1992–1995 Research Director, Central VA Training Center, Lynchburg, VA.   Planned, developed, organized and directed clinical research programs to improve the life and service delivery system for persons with mental retardation and developmental disabilities.  Collaborated with universities, colleges, and other interested organizations for joint research programs.  Chaired the Research Review Committee for Human Research and provided technical assistance to CVTC staff and research activities.
1979–1992 Center Director of Child Development Center and Adult Training Center, (Training Center Program Director), Central Virginia Training Center, Lynchburg, VA.   Planned the conceptual development and structured process of Resident's Care, Habilitative and Program Services for about 300 developmentally disabled persons according to intermediate care, accreditation and certification standards.  Directed and chaired Quality Assurance Committee.
1973–1979 President, Shemiran College, Shemiran, Iran.  Accredited college with faculties in Early Childhood Education, Family Counseling and Welfare Administration.   Developed programs in conjunction with the University of Syracuse, planned, directed curriculum development and academic standards; and was responsible for recruiting, international relations, general administrative duties, budgeting, fund raising and supervising 150 staff and enrollment of 1,200 students.
1963–1979 Professor of Psychology, National University of Iran, Tehran, Iran.  Taught General, Social, Educational and Clinical Psychology and conducted several studies and research, and served as Director of Testing and Psychotherapy of the University Hospital.
1969–1971 Secretary General, Women's Organization of Iran, Tehran, Iran.  Originated and established 180 Family Welfare Centers throughout Iran.  Duties included planning, budgeting, training, supervising and directing 180 branches and 60 organizations, and conducting research in women's studies.

Honors and awards

1996– Fellow, American Association of Intellectual and Developmental Disabilities (AAIDD, former AAMR); for meritorious contributions to the field of intellectual and developmental disabilities.  
1998–2000 board of directors Member, Virginia Chapter of American Association on Mental Retardation.
1992–1996 Clinical Associate, South Eastern Rural Mental Health Research Center, University of Virginia.
1992–1996 Clinical Faculty, Psychiatry Dept., Medical College of Virginia, Richmond, VA.
1985–2005 Service Award, Common Wealth of Virginia (1984, 1989, and 1994); several certificates and awards for volunteer services in the community.
1977– Pahlavi Medal, Proposed by the ministry of Higher Education for Excellence of Academic Achievement of Shemiran College.
1973– Taj and Haftpaykar medals for 19 years of volunteer services to the Special Education for the needed children. 
1971– The 2500th anniversary Medal of the Iranian Monarch for the research in the role of women in education and women studies.
1966– National Science Foundation Fellowship for Psychology, University of Michigan.
1962– 63 Cento Fellowship, a post-doctoral special course, University of London, Institute of Education.
1956–61 Academic Scholarship, granted for being a top student to study at the University of Heidelberg Germany.

Publications and papers
Redjali, S.M. and Butkus, S., Paper Presentation of a research on Family Perception of Services to Persons with Mental Retardation at the 119 Annual Meeting of the American Association on Mental Retardation, San Francisco, California, 1 June 1995. 
Redjali, S.M. and Lewis, R.E. From Institution to Community-Based/Care:  What Happens to Elderly Clients with Mental Illnesses or Mental Retardation?

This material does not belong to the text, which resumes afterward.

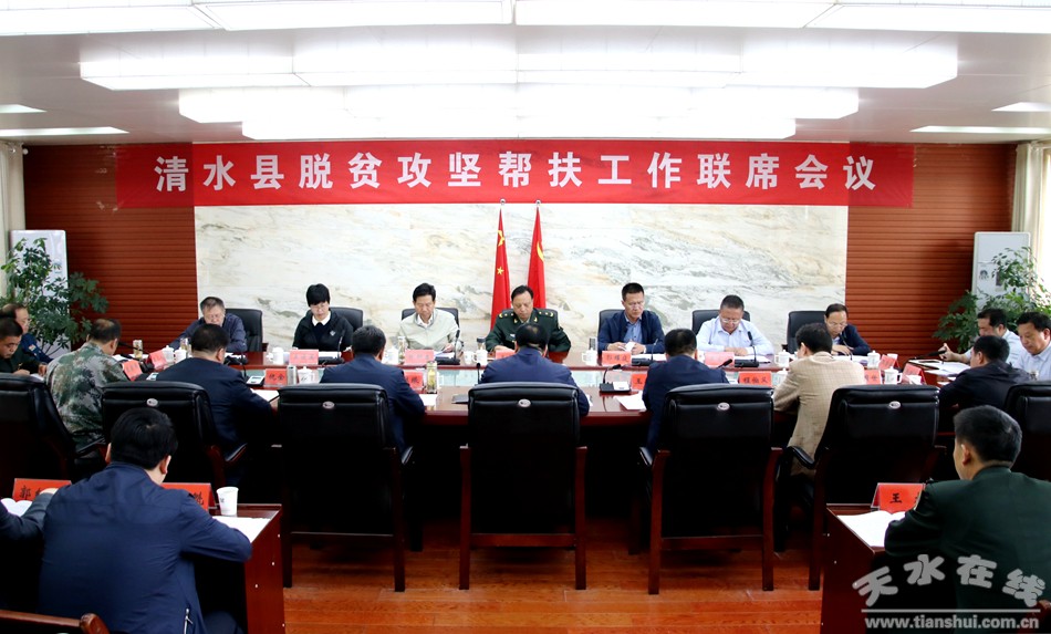 5月15日,省、市直單位在清水縣召開脫貧攻堅(jiān)幫扶工作聯(lián)席會(huì)議,研究部署清水縣脫貧攻堅(jiān)工作。省軍區(qū)司令員王文清在會(huì)上強(qiáng)調(diào),各級(jí)幫扶單位要進(jìn)一步增強(qiáng)“四個(gè)意識(shí)”,提高政治站位,堅(jiān)決貫徹習(xí)近平總書記脫貧攻堅(jiān)重要指示,按照省委的部署要求,堅(jiān)定信心、凝心聚力,扎實(shí)推進(jìn)脫貧攻堅(jiān)各項(xiàng)任務(wù)落實(shí),確保清水縣與全國、全省一道如期脫貧。

The Digest, Vol. 14, No. 21, Journal of Association of Public Developmental Disabilities, July 1995.  This study was presented at the 117th Annual Meeting of the American Association of Mental Retardation 1992 and at the 45th Scientific Association of the Gerontological Society of America 1992.
Redjali, S. M. and Radick, J. A New Residential Services Model, General ICF: An Alternative for Older ICF/MR Residents with Geriatric Care Needs, Journal of Mental Retardation, Vol. 26, No. 4, August 1988.

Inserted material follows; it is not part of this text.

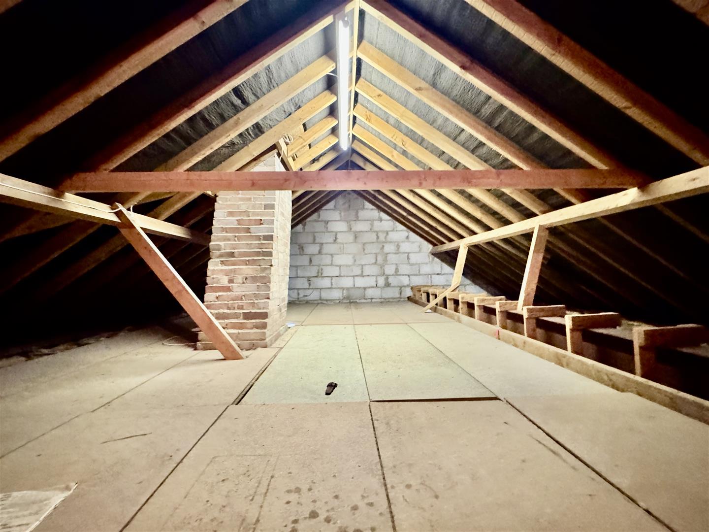 Accessed via two steps leading to a composite front door with side light, opening into a wide hallway with an airing cupboard and loft hatch to a large, boarded loft space.

Redjali, S. M. Education System of Iran, The Encyclopedia of Comparative Education and National Systems of Education, Pergamon Press, Pages 364–369, 1987.			

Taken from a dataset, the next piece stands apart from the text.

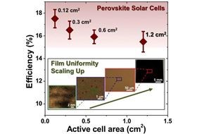 钙钛矿是在太阳能领域引起轰动的一类晶体材料。钙钛矿太阳能电池的生产相对便宜,近年来它的光电转换效率也迅速提升。研究人员已经报道过了与传统硅电池可相媲美的、效率超过20%的钙钛矿太阳能电池。然而,到目前为止这都还只能局限于电池的尺寸在0.1cm2左右——即实验室测试优良条件,这太小了,以至于无法用于太阳能电池板。

Redjali, S. M. Education System of Iran, The International Encyclopedia of Education, Pergamon Press, Vol. 5, Pgs. 2697–2702, 1985. 
Redjali, S.M. Readings in Psychology, Shemiran College Press, 1978.  
Redjali, S.M. The Application of Psychology in the Field of Early Childhood Education, Journal of Psychology of the Iranian Psychological Association  (I.P.A.) Nos. 11 and 12, 1977.
Redjali, S.M. The Education Corps in Iran: A New Experiment in the Expansion of Education, Published in the World Yearbook of Education of Teachers College, Columbia University, New York, by Evans Brothers, Ltd., London, 1965.page 406
Redjali, S. M. Research Project for Creating Group Intelligence Test for Iranian Children, Shemiran College, 1977–1979.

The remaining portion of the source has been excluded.